Start of Block

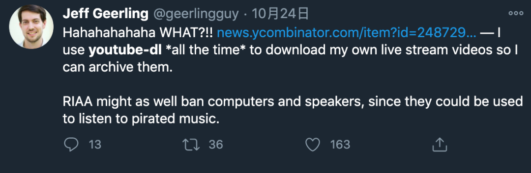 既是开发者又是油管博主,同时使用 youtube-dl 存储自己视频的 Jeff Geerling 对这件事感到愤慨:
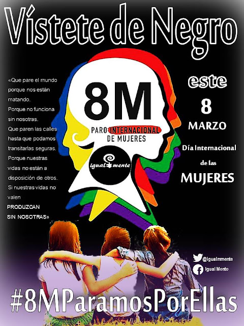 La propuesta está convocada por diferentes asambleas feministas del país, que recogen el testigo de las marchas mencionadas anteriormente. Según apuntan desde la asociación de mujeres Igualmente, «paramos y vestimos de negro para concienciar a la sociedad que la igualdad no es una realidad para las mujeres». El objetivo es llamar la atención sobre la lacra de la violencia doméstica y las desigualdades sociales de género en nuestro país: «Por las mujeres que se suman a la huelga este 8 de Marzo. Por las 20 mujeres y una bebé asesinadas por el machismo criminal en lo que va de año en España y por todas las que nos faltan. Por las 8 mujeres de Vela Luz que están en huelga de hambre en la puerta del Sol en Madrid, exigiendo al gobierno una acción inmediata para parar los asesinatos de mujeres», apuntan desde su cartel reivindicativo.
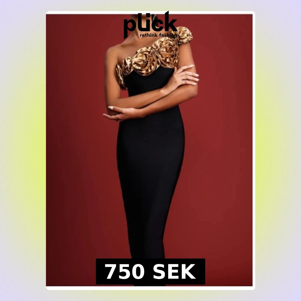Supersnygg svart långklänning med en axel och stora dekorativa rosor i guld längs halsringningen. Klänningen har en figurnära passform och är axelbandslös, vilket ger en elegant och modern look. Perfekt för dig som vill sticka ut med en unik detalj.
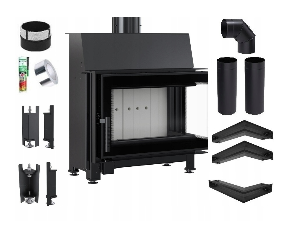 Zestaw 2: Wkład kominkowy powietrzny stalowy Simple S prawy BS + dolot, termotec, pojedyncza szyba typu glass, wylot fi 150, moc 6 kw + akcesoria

End of Block
Start of Block

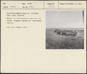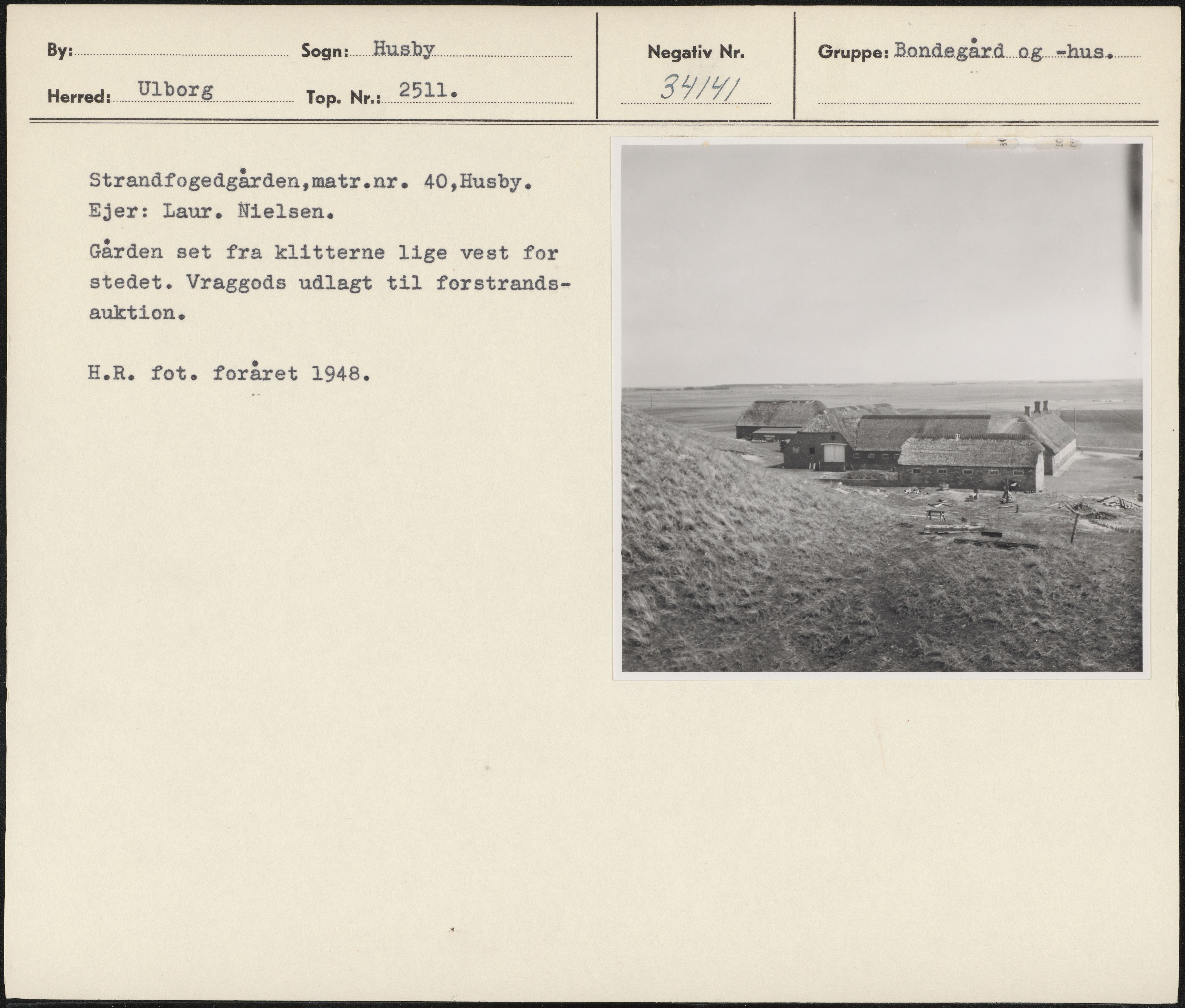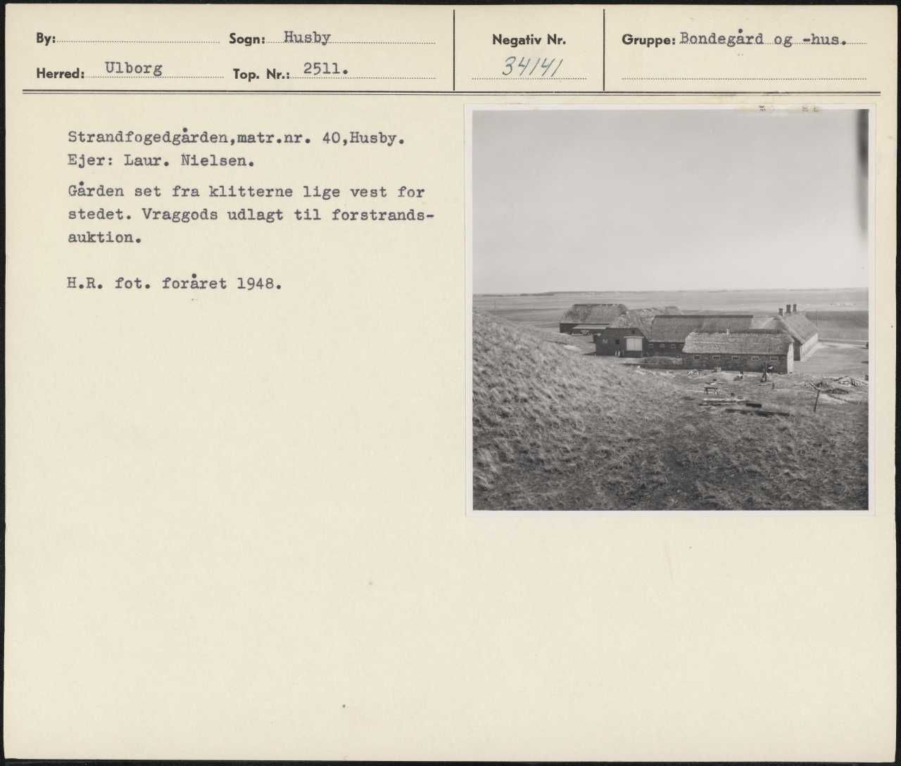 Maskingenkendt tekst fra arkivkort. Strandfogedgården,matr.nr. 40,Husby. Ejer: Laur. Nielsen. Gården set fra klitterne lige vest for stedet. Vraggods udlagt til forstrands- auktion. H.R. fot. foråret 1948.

End of Block
Start of Block

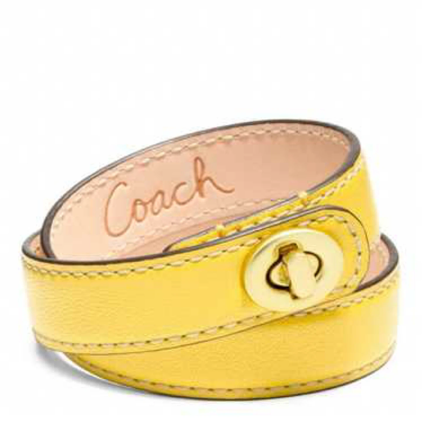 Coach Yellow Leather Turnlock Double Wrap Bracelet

End of Block

Those lines of the records above that run from the one containing "既是开发者又是油管博主,同时使用 youtube-dl 存储自己视频的" through the one containing "Zestaw 2: Wkład" should be returned exactly, with no pictures among them.

Exercise result =
 既是开发者又是油管博主,同时使用 youtube-dl 存储自己视频的 Jeff Geerling 对这件事感到愤慨:
 La propuesta está convocada por diferentes asambleas feministas del país, que recogen el testigo de las marchas mencionadas anteriormente. Según apuntan desde la asociación de mujeres Igualmente, «paramos y vestimos de negro para concienciar a la sociedad que la igualdad no es una realidad para las mujeres». El objetivo es llamar la atención sobre la lacra de la violencia doméstica y las desigualdades sociales de género en nuestro país: «Por las mujeres que se suman a la huelga este 8 de Marzo. Por las 20 mujeres y una bebé asesinadas por el machismo criminal en lo que va de año en España y por todas las que nos faltan. Por las 8 mujeres de Vela Luz que están en huelga de hambre en la puerta del Sol en Madrid, exigiendo al gobierno una acción inmediata para parar los asesinatos de mujeres», apuntan desde su cartel reivindicativo.
Supersnygg svart långklänning med en axel och stora dekorativa rosor i guld längs halsringningen. Klänningen har en figurnära passform och är axelbandslös, vilket ger en elegant och modern look. Perfekt för dig som vill sticka ut med en unik detalj.
 Zestaw 2: Wkład kominkowy powietrzny stalowy Simple S prawy BS + dolot, termotec, pojedyncza szyba typu glass, wylot fi 150, moc 6 kw + akcesoria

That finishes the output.